YOUR TASK: Reproduce every entry that follows word for word, but omit the images.

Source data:
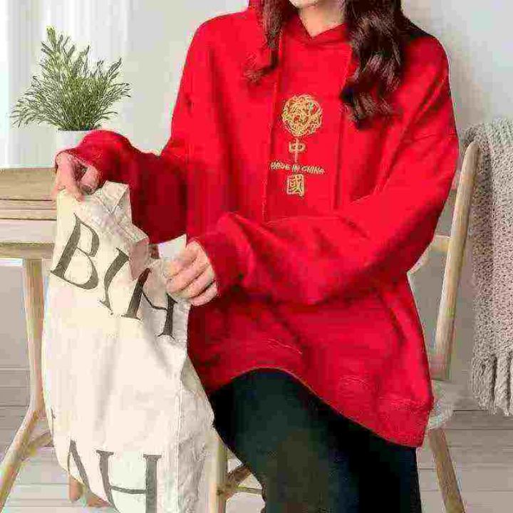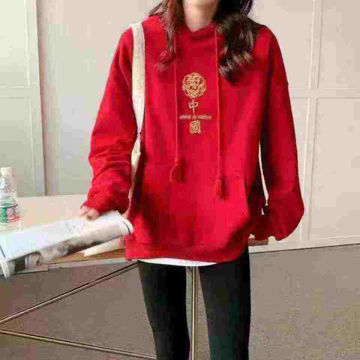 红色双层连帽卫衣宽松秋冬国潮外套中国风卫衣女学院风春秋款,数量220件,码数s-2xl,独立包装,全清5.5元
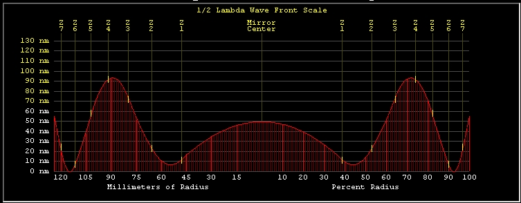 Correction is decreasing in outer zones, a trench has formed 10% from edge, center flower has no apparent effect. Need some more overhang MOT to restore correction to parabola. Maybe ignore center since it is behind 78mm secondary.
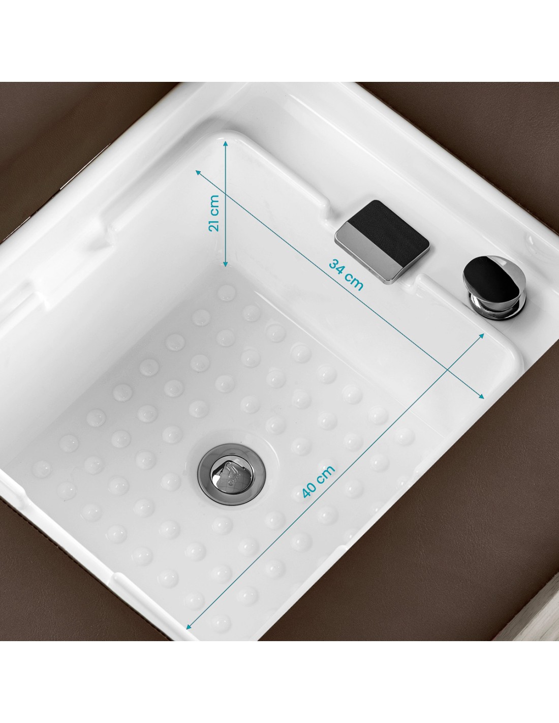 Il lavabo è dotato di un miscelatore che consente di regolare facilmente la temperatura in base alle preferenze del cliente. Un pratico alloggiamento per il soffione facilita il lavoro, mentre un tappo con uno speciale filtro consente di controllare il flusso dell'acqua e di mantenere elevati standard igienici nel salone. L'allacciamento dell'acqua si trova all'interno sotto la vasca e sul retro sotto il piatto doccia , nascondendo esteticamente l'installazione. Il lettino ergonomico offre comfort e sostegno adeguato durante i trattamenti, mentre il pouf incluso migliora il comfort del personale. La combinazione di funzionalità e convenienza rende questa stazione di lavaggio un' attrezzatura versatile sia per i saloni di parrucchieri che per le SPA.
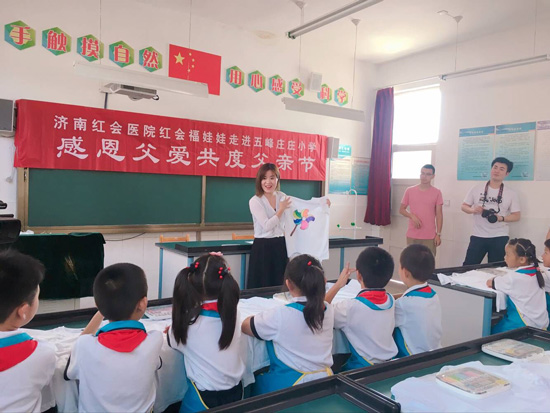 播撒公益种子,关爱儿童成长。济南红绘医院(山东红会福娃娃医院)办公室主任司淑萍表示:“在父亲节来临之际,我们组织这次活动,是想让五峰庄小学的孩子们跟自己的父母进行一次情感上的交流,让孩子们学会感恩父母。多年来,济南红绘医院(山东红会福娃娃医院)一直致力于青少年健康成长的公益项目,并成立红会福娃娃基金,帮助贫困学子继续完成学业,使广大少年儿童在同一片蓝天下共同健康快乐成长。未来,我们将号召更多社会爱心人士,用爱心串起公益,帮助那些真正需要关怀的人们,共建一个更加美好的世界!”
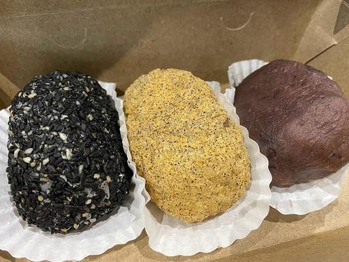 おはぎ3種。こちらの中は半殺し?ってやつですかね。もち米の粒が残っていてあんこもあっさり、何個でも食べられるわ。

REPLY TO THE EXERCISE:
 红色双层连帽卫衣宽松秋冬国潮外套中国风卫衣女学院风春秋款,数量220件,码数s-2xl,独立包装,全清5.5元
 Correction is decreasing in outer zones, a trench has formed 10% from edge, center flower has no apparent effect. Need some more overhang MOT to restore correction to parabola. Maybe ignore center since it is behind 78mm secondary.
 Il lavabo è dotato di un miscelatore che consente di regolare facilmente la temperatura in base alle preferenze del cliente. Un pratico alloggiamento per il soffione facilita il lavoro, mentre un tappo con uno speciale filtro consente di controllare il flusso dell'acqua e di mantenere elevati standard igienici nel salone. L'allacciamento dell'acqua si trova all'interno sotto la vasca e sul retro sotto il piatto doccia , nascondendo esteticamente l'installazione. Il lettino ergonomico offre comfort e sostegno adeguato durante i trattamenti, mentre il pouf incluso migliora il comfort del personale. La combinazione di funzionalità e convenienza rende questa stazione di lavaggio un' attrezzatura versatile sia per i saloni di parrucchieri che per le SPA.
 播撒公益种子,关爱儿童成长。济南红绘医院(山东红会福娃娃医院)办公室主任司淑萍表示:“在父亲节来临之际,我们组织这次活动,是想让五峰庄小学的孩子们跟自己的父母进行一次情感上的交流,让孩子们学会感恩父母。多年来,济南红绘医院(山东红会福娃娃医院)一直致力于青少年健康成长的公益项目,并成立红会福娃娃基金,帮助贫困学子继续完成学业,使广大少年儿童在同一片蓝天下共同健康快乐成长。未来,我们将号召更多社会爱心人士,用爱心串起公益,帮助那些真正需要关怀的人们,共建一个更加美好的世界!”
 おはぎ3種。こちらの中は半殺し?ってやつですかね。もち米の粒が残っていてあんこもあっさり、何個でも食べられるわ。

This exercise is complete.